Esa prosa tercermundista del decreto debería merecer la atención de los monstruos de la lengua, los Reverte y los Caparrós. Deben poner un límite a los delincuentes idiomáticos que hablan de “la emergencia ígnea”, eufemismo por “incendio”. Esa prosa oficial no basta para esconder que el gobierno es una formación débil con el voto prestado, que tiene que retener por lo menos los votos de 2023 y 2025 y, además, desmovilizar al peronismo del interior. Es lo que le permitió ganar la presidencia. Todo un desafío, porque hasta ahora no le ha salido.
Los gobernadores le ganaron antes la pelea fiscal
El tono de la pelea evoca la que libró Macri en diciembre de 2016. El gobierno de Macri envió en ese momento un proyecto que proponía aumentos moderados en el mínimo no imponible de Ganancias. Un acuerdo del peronismo de entonces (Kicillof, Massa) dio vuelta el dictamen en Diputados y levantó el piso de Ganancias. Derrotó al gobierno y fue el primer round del regreso de Massa al peronismo cristinista. Fue la ruptura del breve romance entre Macri y Massa.
Los gobernadores reaccionaron por el daño que le hacía a la coparticipación de impuestos. Macri en persona intervino y se reunió en Córdoba con Schiaretti, que era gobernador. Acordaron que el proyecto que había votado Diputados sería desfigurado en el Senado para preservar los fondos de las provincias. Schiaretti encabezaba la liga de gobernadores que había negociado los consensos fiscales con Rogelio Frigerio. Reunió a los mandatarios en un hotel y fue a negociar con Pichetto, jefe de la bancada peronista del Senado, el rechazo de esa aprobación. “- Esto no va porque nos quita fondos”, reclamó.
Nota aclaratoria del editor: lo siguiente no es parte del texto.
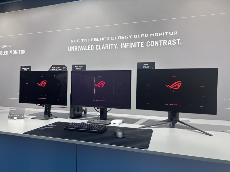 At the event Asus had this new screen (left) set up side by side with a semi-glossy QD-OLED screen (middle) and a matte anti-glare coated WOLED (right). You can see the impact that bright ambient lighting has on the QD-OLED panel especially, as well as on the matte panel which diffuses light sources more and causes blacks to get a little lighter than the glossy option, albeit that matte coating is better at handling reflections and glare than the glossy coating. It’s nice to have a range of options for different user preferences and use-cases. You can see these comparisons in more detail in our video from the event too.

Alberto Abad (entonces en la AFIP) fue de urgencia al Senado para decirles a los gobernadores que, si quedaba la reforma de Diputados, las provincias perderían cuatro meses de coparticipación. El Senado dio vuelta los tantos, el proyecto volvió a Diputados y se aprobó sin afectar a las provincias. La pelea que se repite busca, como en aquel momento, dividir a los actores políticos. Hacer pelear a los gobernadores con los contribuyentes, con los sindicalistas, con los jubilados. Dividir al adversario para ganar. Aquel episodio quedó en el ADN de Cambiemos. La ruptura Macri-Massa se ilustró con una cruda fotografía de los peronistas juntos cantando la marcha para celebrar la aprobación del dictamen.
(De la columna «La reforma laboral, una herramienta para allanar el camino del Gobierno a las elecciones de 2027», ENTRETELAS DE LA POLÍTICA, en Clarín de hoy – https://www.clarin.com/economia/reforma-laboral-herramienta-allanar-camino-gobierno-elecciones-2027_0_U9p5X3lDGe.html#activateComments)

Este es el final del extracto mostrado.